In the listing below, find the line with "Behind the long, narrow" and the line with "de Naples |". Repeat those two lines and all lines between them exactly.

** Opening Given data block **

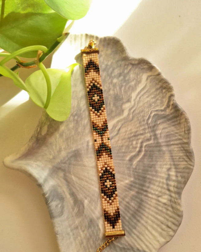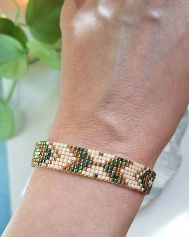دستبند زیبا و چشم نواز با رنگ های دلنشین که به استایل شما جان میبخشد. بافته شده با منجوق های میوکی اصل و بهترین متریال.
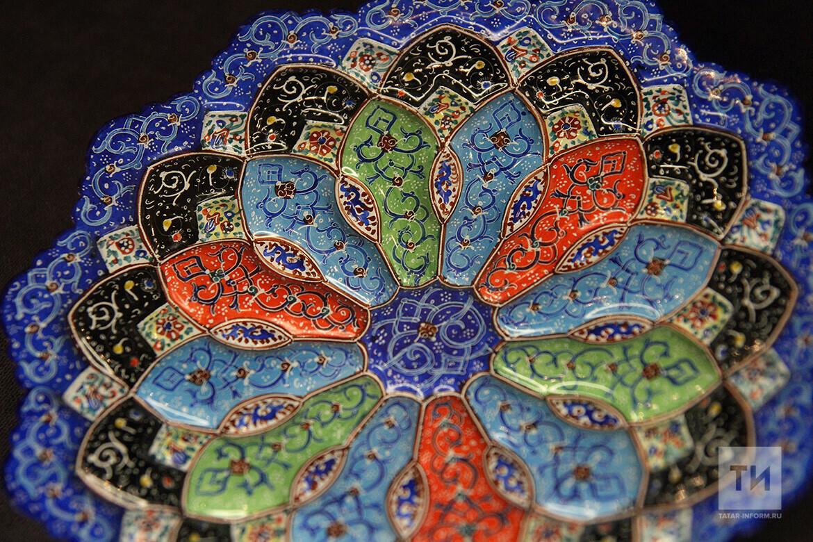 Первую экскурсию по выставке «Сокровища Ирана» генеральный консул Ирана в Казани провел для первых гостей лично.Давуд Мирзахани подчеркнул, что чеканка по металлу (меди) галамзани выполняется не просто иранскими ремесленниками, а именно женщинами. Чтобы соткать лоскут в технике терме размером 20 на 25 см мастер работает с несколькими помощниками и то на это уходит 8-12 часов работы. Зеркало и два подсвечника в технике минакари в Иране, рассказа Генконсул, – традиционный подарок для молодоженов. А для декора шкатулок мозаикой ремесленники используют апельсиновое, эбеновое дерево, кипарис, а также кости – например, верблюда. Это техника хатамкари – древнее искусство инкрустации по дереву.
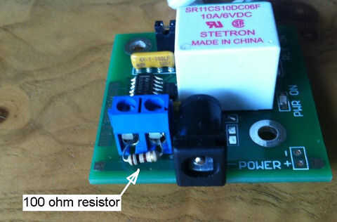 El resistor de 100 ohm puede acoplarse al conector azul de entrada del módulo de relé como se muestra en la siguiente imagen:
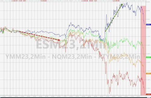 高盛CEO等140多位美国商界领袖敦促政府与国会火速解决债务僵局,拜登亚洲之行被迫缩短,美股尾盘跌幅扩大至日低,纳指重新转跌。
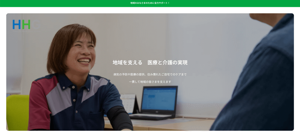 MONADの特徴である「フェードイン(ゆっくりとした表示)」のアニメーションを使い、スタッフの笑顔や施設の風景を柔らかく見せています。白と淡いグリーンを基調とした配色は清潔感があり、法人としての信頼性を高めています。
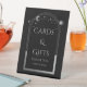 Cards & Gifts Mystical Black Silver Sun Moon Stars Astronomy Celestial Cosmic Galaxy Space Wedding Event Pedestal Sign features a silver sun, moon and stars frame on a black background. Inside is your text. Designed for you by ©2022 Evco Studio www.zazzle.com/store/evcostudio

** Closing Given data block **
** Opening Given data block **

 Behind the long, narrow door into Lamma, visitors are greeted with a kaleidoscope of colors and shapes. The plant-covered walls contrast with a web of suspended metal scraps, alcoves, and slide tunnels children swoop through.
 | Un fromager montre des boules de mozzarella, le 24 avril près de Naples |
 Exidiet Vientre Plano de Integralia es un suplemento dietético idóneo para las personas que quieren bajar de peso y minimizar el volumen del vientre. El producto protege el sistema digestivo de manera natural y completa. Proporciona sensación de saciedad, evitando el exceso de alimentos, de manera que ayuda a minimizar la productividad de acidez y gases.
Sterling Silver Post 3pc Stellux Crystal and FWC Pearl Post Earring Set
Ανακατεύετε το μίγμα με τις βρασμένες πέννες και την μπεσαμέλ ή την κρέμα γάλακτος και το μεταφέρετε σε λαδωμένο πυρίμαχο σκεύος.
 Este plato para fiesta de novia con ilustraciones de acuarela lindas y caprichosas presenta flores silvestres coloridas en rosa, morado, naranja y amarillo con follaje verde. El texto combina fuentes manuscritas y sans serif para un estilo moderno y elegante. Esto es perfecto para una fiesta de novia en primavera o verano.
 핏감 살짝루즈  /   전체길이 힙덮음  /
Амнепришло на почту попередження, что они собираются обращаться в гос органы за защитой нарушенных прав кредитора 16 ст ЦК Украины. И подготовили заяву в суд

** Closing Given data block **
** Opening Given data block **

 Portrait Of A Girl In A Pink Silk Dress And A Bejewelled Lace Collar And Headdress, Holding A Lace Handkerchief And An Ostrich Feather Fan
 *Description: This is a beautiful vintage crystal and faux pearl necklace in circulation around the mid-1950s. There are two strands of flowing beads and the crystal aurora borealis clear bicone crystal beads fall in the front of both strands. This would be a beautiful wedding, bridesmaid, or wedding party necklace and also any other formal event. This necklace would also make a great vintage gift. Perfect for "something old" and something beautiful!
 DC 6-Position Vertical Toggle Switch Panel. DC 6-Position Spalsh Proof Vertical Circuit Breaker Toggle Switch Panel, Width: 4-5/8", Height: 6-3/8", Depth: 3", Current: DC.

** Closing Given data block **

Exercise output.
 Behind the long, narrow door into Lamma, visitors are greeted with a kaleidoscope of colors and shapes. The plant-covered walls contrast with a web of suspended metal scraps, alcoves, and slide tunnels children swoop through.
 | Un fromager montre des boules de mozzarella, le 24 avril près de Naples |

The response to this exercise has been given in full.